EXERCISE: Reproduce the listing exactly and skip over any pictures.
-- MATERIAL PROVIDED follows --
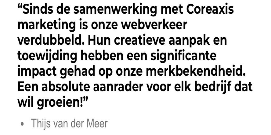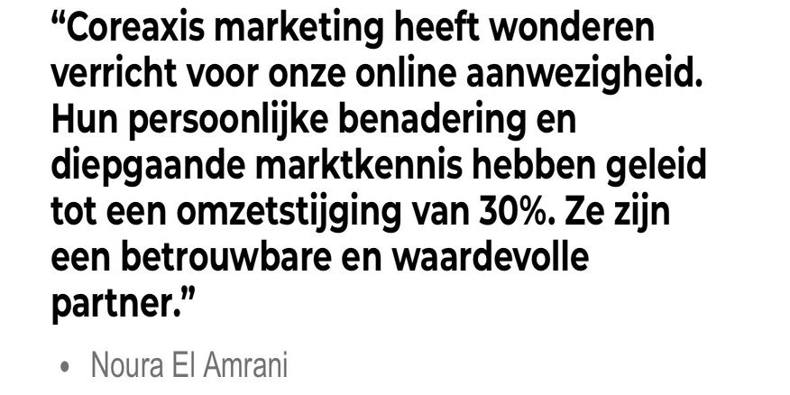 Bij Coreaxis marketing geloven we dat effectieve marketing begint met het begrijpen van jouw bedrijf en doelgroep. We combineren strategie, creativiteit en technologie om op maat gemaakte marketingoplossingen te bieden die jouw bedrijf naar een hoger niveau tillen. Ons team van experts staat klaar om jouw bedrijf te laten groeien en succesvol te maken.
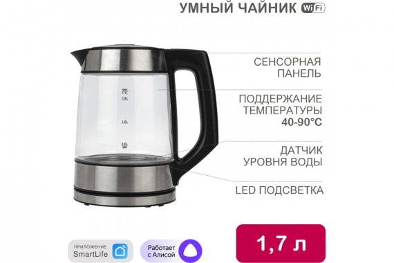 Wi-Fi чайник представляет собой умный кухонный прибор, управление которым осуществляется дистанционно или при помощи встроенной сенсорной панели.
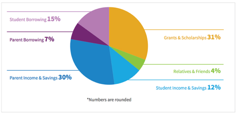 Collegeboard几年前做了《大学生如何付学费》的调查, 总结如下:赠款和tax benefits占36%,借款占26%,家庭和学生本人支付剩下38%。
-- MATERIAL PROVIDED concluded --
EXERCISE SOLUTION:
 Bij Coreaxis marketing geloven we dat effectieve marketing begint met het begrijpen van jouw bedrijf en doelgroep. We combineren strategie, creativiteit en technologie om op maat gemaakte marketingoplossingen te bieden die jouw bedrijf naar een hoger niveau tillen. Ons team van experts staat klaar om jouw bedrijf te laten groeien en succesvol te maken.
 Wi-Fi чайник представляет собой умный кухонный прибор, управление которым осуществляется дистанционно или при помощи встроенной сенсорной панели.
 Collegeboard几年前做了《大学生如何付学费》的调查, 总结如下:赠款和tax benefits占36%,借款占26%,家庭和学生本人支付剩下38%。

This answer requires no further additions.